I think this should not be done, and I will try to convey why.

The research question is 'What is the inference error made when using a BD species model on a phylogeny following a PBD speciation process'. Note that there is no mention of a nucleotide substitution model. A (simplest) nucleotide substitution model is only a mean of this research, not a mean that should be investigated.

Additionally, I find it hard to imagine why to confirm something that is completely expected. Why conform that a JC69 prior fits a JC69-simulated alignment better than a GTR prior using the Bayes factor? I can not come up with a reason why I should doubt this hypothesis.

I thus conclude I should not investigate that (1) is not at the core of the research question, (2) has no reason to be doubted.

richelbilderbeek commented 6 years ago

Sent email.

richelbilderbeek commented 6 years ago

I will close this Issue, unless there is reason to open it up again.

richelbilderbeek commented 6 years ago

Reply from rsetienne:

Mijn argument is de volgende:

Je wil bekijken wat voor fout gemaakt wordt als je in BEAST2 BD gebruikt als species tree prior terwijl de onderliggende species tree zich volgens PBD gedraagt. Deze fout wordt echter niet alleen door de species tree prior bepaald, maar ook door andere submodellen zoals het substitutiemodel. Mogelijk kan het toevoegen van meer flexibilieit door GTR te gebruiken (wat veel gebruikers doen!) de fout reduceren. Stel nu dat je vindt dat GTR inderdaad deze fout reduceert, dan zou je kunnen denken: er is geen probleem als het onderliggende model PBD is ipv van BD, want met GTR wordt dit wel (op enigszins miraculeuze wijze) opgevangen. Maar dan zou je eigenlijk moeten checken of GTR wel het juiste model is. Daarvoor is de Bayes Factor. Die zal de uitkomsten van JC en GTR met elkaar vergelijken en zeggen wat het beste model is. Als nu GTR nog steeds aangewezen wordt, is je conclusie dat er voor de gebruiker eigenlijk geen probleem is, maar als JC wordt aangewezen, dan heeft de gebruiker wel een probleem, want deze check dient de gebruiker wel uit te voeren.
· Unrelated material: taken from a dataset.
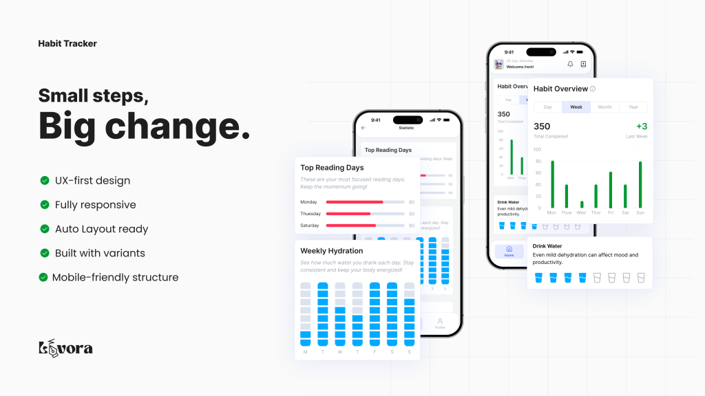 In this article, I’ll walk you through how we designed a Habit Tracker UI Kit in Figma, focusing on both behavioral psychology principles and modern UX design practices.

richelbilderbeek commented 6 years ago

Code from @rsetienne to demo the Bayes factor:

load('d:/data/ms/microsnail_BEAST2_results_log_files.RData')
listname <- microsnail_BEAST2_results_log_files
lengthlist <- length(microsnail_BEAST2_results_log_files)
namei <- rep(0,lengthlist)
meanll <- rep(0,lengthlist)
harmmeanll <- rep(0,lengthlist)
for(i in 1:lengthlist)
{
   ll <- as.numeric(listname[[i]]$likelihood)
   minll <- min(ll)
   harmmeanll[i] <- log(length(ll)) + minll - sum(exp(-(ll - minll)))
   meanll[i] <- mean(ll)
   namei[i] <- names(listname)[i]
   namei[i] <- substr(namei[i],1,nchar(namei[i])-4)
}
BF <- rep(0,lengthlist)
for(i in 1:(lengthlist/2))
{
   BF[i] <- harmmeanll[i] - harmmeanll[lengthlist/2 + i]
}
for(i in (lengthlist/2 + 1):lengthlist)
{
   BF[i] <- harmmeanll[i] - harmmeanll[-lengthlist/2 + i]
}
summarytable <- data.frame(namei,meanll,harmmeanll,BF)

richelbilderbeek commented 6 years ago

Reopened, as rsetienne must agree.

richelbilderbeek commented 6 years ago

Re: raket: Bayes Factor test JC69 versus GTR

3 September 2018 14:37 10 KB From: Richel Bilderbeek To: Rampal S. Etienne

Jij stelde voor met een Bayes factor te checken of een GTR nucleotide substitutie model beter is dan JC69 [1]. Ik stelde voor dat niet te doen, omdat (1) dit niet de kern is van het onderzoek, (2) er geen reden is tot twijfel (en vind maar eens artikelen die deze twijfel ondersteunen), (3) het is het niet waard om het experiment hiervoor uit te stellen.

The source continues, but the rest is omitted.